SSG Beach has noticed I’m not paying attention to him anymore, and so I haven’t noticed that the whole platoon is staring at me as I stare at the liaison and the CO try to calm the farmer down. I sheepishly dismount and speed walk over to the rest of the platoon, where LT Mashinter briefs us.
“Alright, now that Lipscomb has deigned to grace us with his presence, here’s the plan for the next couple of days. Squadron has a TOC set up near Musninkai, up the 116 Highway from Vilnius. We’re going to road march in standard column formation from here, along the 5212 until the 116. SOP road march order. There will be a joint MP/local police post set up to make sure we can negotiate the transition without losing any stragglers or running over any locals. Black 5 will be in the lead Humvee, and will call out the checkpoints as he passes them, and Black 7 will be in the trail Humvee and will do the same when he clears them. Radio is per SOP and digi-keys. Disabled vehicles will pull to the right shoulder as far off the road as practical, and radio their position to Black 8 who will meet up with the vehicle and evaluate recovery options as needed. REDCON 1 in ten minutes. Fuel HEMTT will be here in about twenty minutes to top off, with start of movement in thirty. CO wants Black 5 crossing the LD in less than 45 minutes.
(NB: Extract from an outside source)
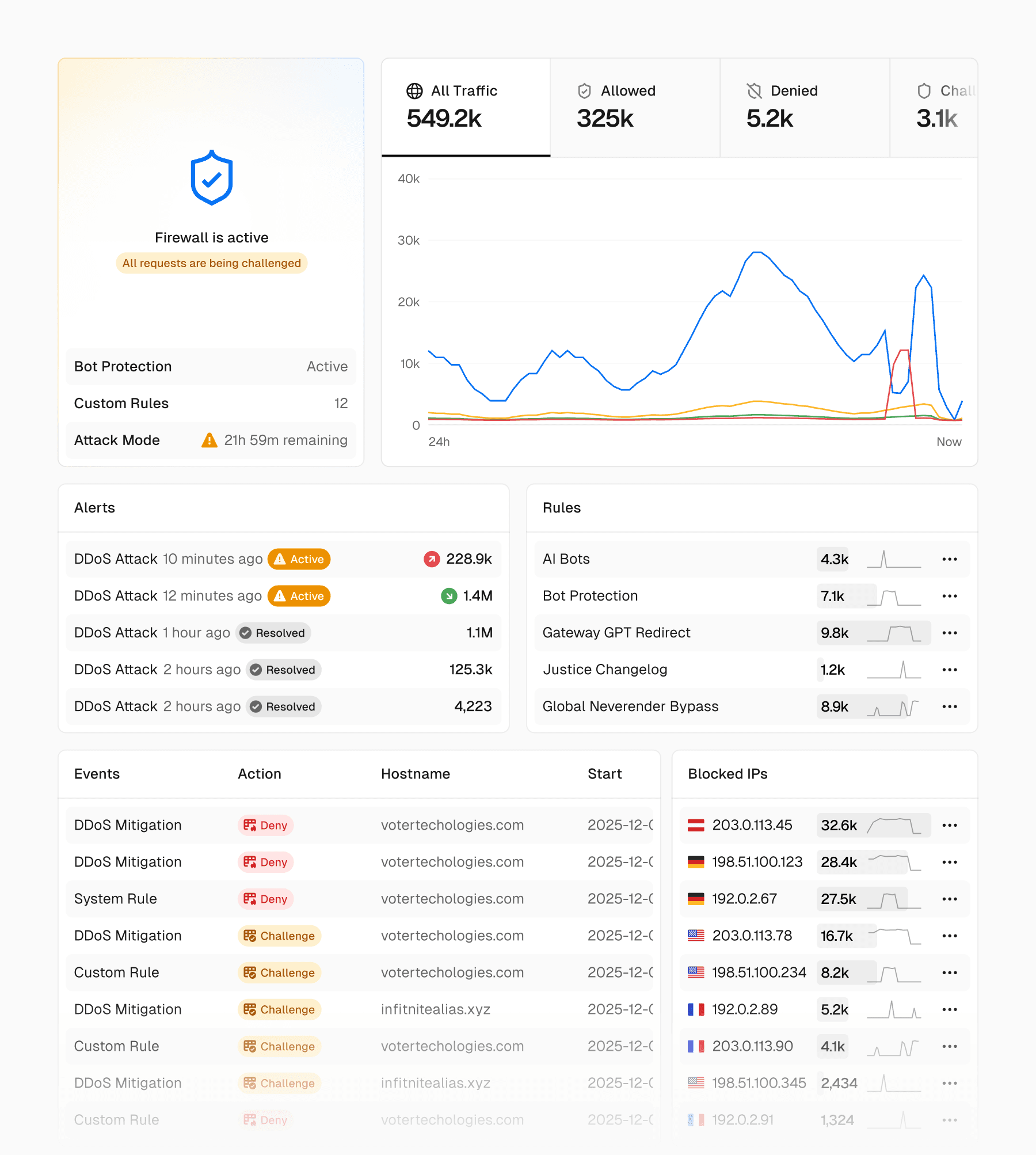 The Overview page is your high-level control center for the Firewall. It gives you a clear, birds-eye view of your site’s security posture. The traffic chart remains at the top, and we now surface the most important information based on recent activity.

“After the road march, we will be forming a troop coil formation here,” he pointed at a spot on the map just North of Musninkai, and continued “and wait for the Mustang 5. When he arrives he will lead us in a road march to our AA for the evening, here about one and a half clicks Southeast of Liukonys. There we will form a troop coil, set security, and do a modified tailgate LOGPAC, sergeant Furniss will provide details upon arrival. We will stay overnight in the AA, and sergeant Furniss has a guard/sleep plan set up, with details upon arrival.
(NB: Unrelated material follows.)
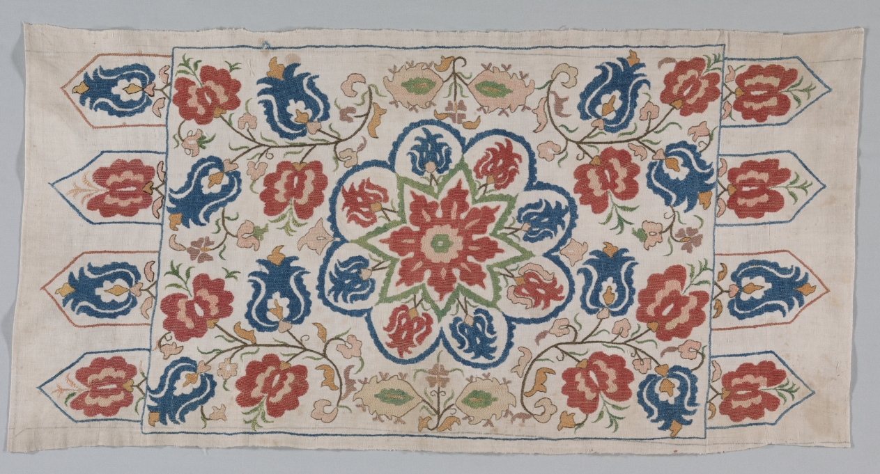 plain weave: linen; embroidery, self-couching and herringbone stitches: silk

Alright, that’s all I’ve got. Any questions?”

No speaking, just the shaking of a few heads, answered the LT.

“Alright. Sergeant Furniss, they’re all yours.” With that, the LT nodded to the platoon sergeant and took off for the CO’s location.

“A’aight, take a knee chuckleheads. Let’s make this quick. Standard order with White 1, 2, 3, 4. Alternate gun tubes just like normal. Keep your distance, at least 50 meters between vehicles. I want to see your air guards up, and scan your lanes. Refuel will be a hot refuel. Red then White on the left HEMTT, Blue then Green on the right. 1 & 2 will fuel first followed by 3 & 4, 1 & 3 on the left side with 2 & 4 on the right. Be ready to pull up when it’s your turn in the line. Pull through after, you’ll see the Red elements stacked up near the road surface. Once we get the blitz order, Hush 2 on the radios except for bent units, unusual situations, or checkpoint clearance. Black 7 has set us up a good LOGPAC at the AA, but we’ll cover details on arrival. Any questions? Speak now or forever hold your peace!”

None of us are that stupid, really. Nobody had any questions, we’ve done this a bunch of times. Heck, the NTC rotation just before our deployment. I think sergeant Furniss gave this exact same speech there, too.

“A’aight. Let’s go. REDCON 1 in five.”

We broke up, and Dock and I started walking toward Bodacious. On the way, Dock started humming an old classic rock tune, “Black Water” by the Doobie Brothers. I started singing, Dock joined me, and Cooke joined in. We all three locked arms and started singing the chorus at the tops of our lungs, skipping all the way back to our tanks.

“By the hand (hand) take me by the hand (pretty mama)/Come ’n’ dance with ya daddy all night long/I’d like to hear some funky dixieland, pretty mama come & take me by the hand.”

I could almost hear the rest of the platoon rolling their eyes at us. We didn’t care, we were damned if being deployed would crush our spirits.